Mar 22, 2024 2:30:07 PM org.apache.beam.sdk.extensions.sql.impl.CalciteQueryPlanner convertToBeamRel
INFO: BEAMPlan>
BeamCalcRel(expr#0..1=[{inputs}], proj#0..1=[{exprs}])
  BeamAggregationRel(group=[{0}], c=[COUNT()])
    BeamIOSourceRel(table=[[beam, PCOLLECTION]])

Mar 22, 2024 2:30:08 PM org.apache.beam.sdk.util.construction.Environments$JavaVersion forSpecification
WARNING: Unsupported Java version: 18, falling back to: 17

Row:

Row: 
event_name:abc
c:1

If you give me more details on your pipeline, I can try to reproduce, but if you can model yours more like the one I posted above and see if that resolves the issue, that would be a good first step.


As far as...

Event_name column is correct, but why C0? and not c?

This is to avoid name collision.

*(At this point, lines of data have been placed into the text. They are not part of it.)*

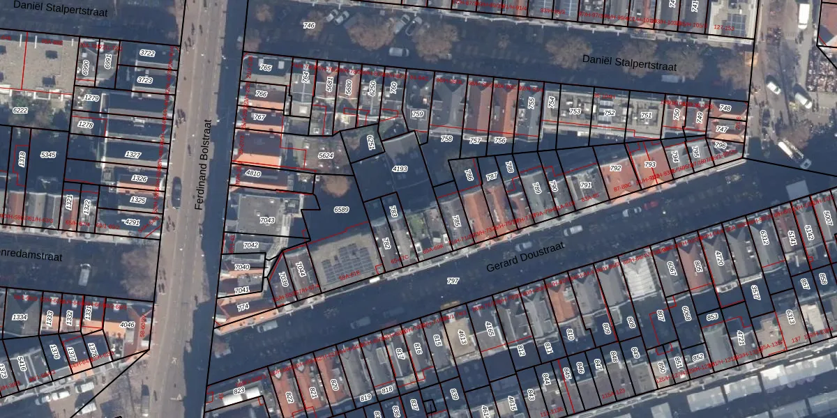 Het perceel waarop Gerard Doustraat 69-G staat heeft een oppervlakte van 337 m². Dit is een groot perceel. De perceeloppervlakte wordt geregistreerd door het Kadaster. Gedetailleerde informatie over de maten van dit perceel kunt u vinden in het rapport Kadastrale kaart met maatvoering van Gerard Doustraat 69-G.
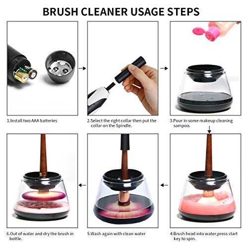 - Easy To Use - Three steps to clean : 1. Attach the brush to the spinner. 2. Pour some water and professional cleansing shampoo or soap into the bowl. 3. Dip the brush, spin to clean, raise the brush, spin to dry.
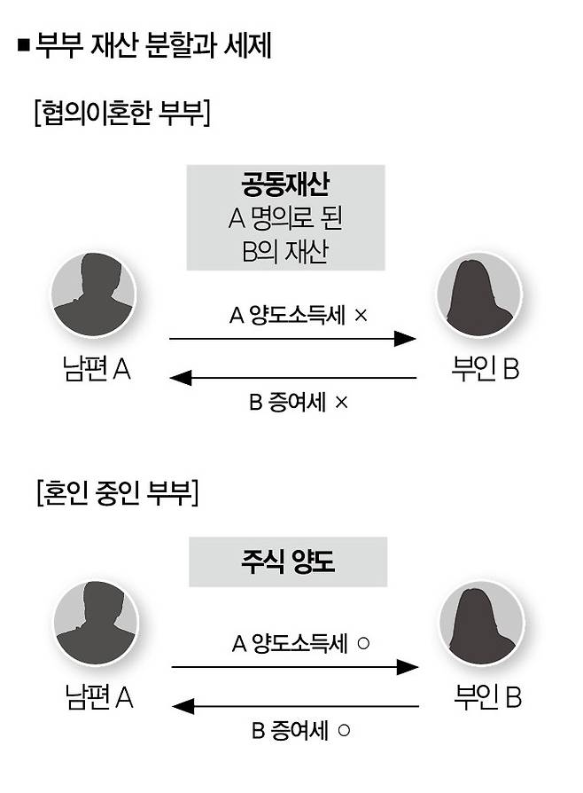 그럼 대법원에서 원심을 유지하는 판결을 하면 세금은 어떻게 될까. 재산분할 청구 확정에 따라 A가 B에게 주식을 넘겨주는 경우, B가 자기 것을 되찾아오는 거래(공유분할의 법칙)에 불과하기 때문에 양도소득세 과세 대상이 아니라는 게 대법원의 입장이다(96누14401 판결). 그래서 A는 1조4000억원의 주식을 넘길지라도 양도소득세 부담은 없다.
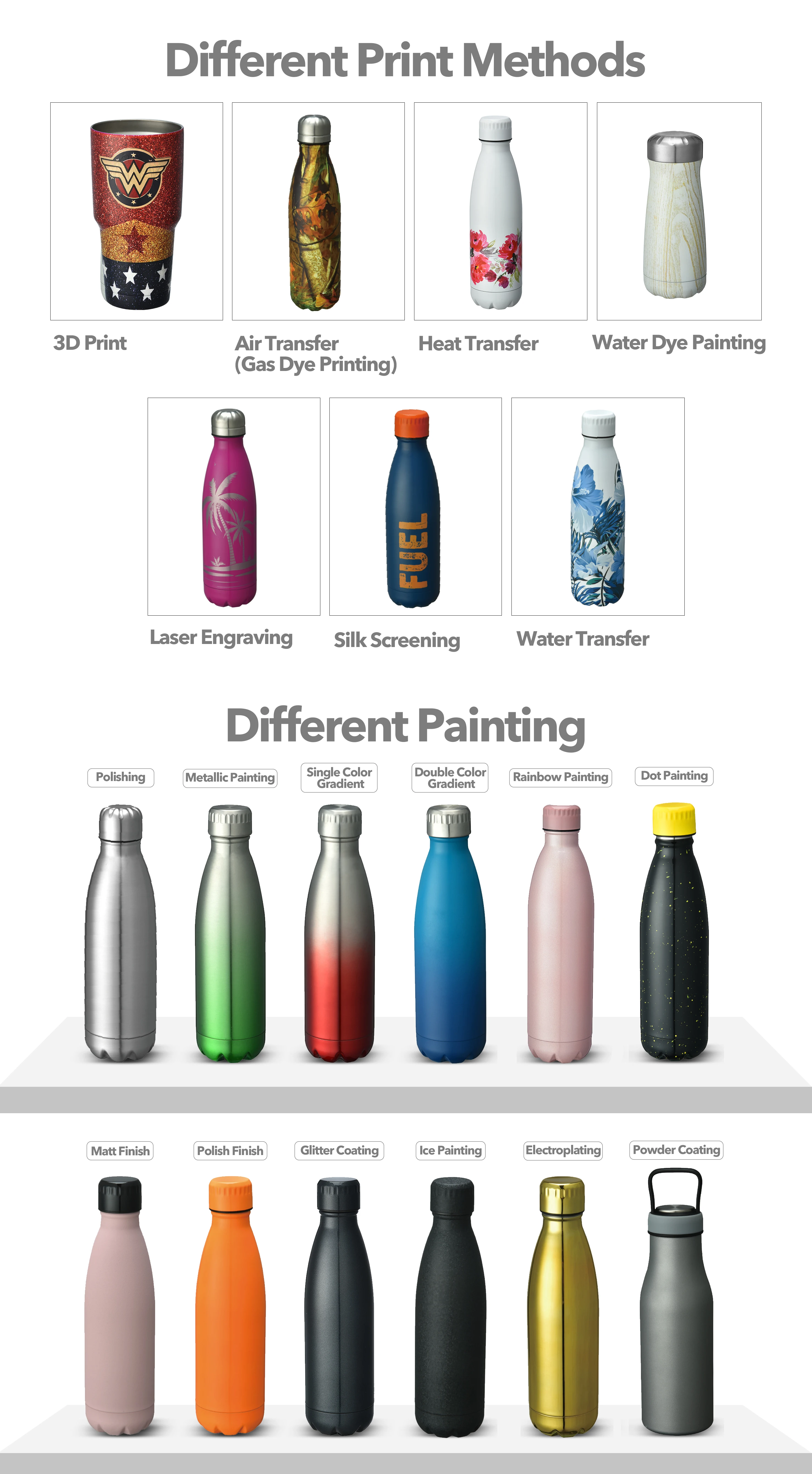 Logo Printing | Silkscreen, Laser Engraved, Embossed, 3D UV Printing, etc.. | ||||

In your query, you select a column c and also create a column c by aggregating count(*), so this is working as expected.

brachipa commented 7 months ago

Hi @Polber . Thanks for checking it out. I run your example and it works me fine, but once I added a new field to the schema it stopped working and event is outputted as event and not as its alias name: added id field:

   Schema SCHEMA = Schema.of(Schema.Field.of("event", Schema.FieldType.STRING)
                , Schema.Field.of("id", Schema.FieldType.INT32)); //new field added
        Pipeline pipeline = Pipeline.create();
        PCollection<Row> input = pipeline.apply(
                Create.of(
                        Row.withSchema(SCHEMA).withFieldValue("event", "abc")
                                .withFieldValue("id", 222) //new field added
                                .build()
                )
        ).setRowSchema(SCHEMA);

        PCollection<Row> transformed = input.apply(
                SqlTransform.query("select event as event_name, count(*) as c from PCOLLECTION group by event"));
        transformed.apply(ParDo.of(new DoFn<Row, Object>() {
            @ProcessElement
            public void processElement(ProcessContext c) throws Exception {
                System.out.println(c.element());
                c.output(c.element());
            }
        })).setRowSchema(
                Schema.of(
                        Schema.Field.of("id", Schema.FieldType.INT32), //new field added
                        Schema.Field.of("event", Schema.FieldType.STRING),
                        Schema.Field.of("c", Schema.FieldType.INT64)
                )
        );

        pipeline.run();
    }

As you can see the beam plan is slightly different (sql plan is the same as the working example), the difference is that in the not working one, you are missing the "BeamCalcRel" step, I guess this is what causing it to take the real name and not the alias name, but I can't figure out what causes the different plan.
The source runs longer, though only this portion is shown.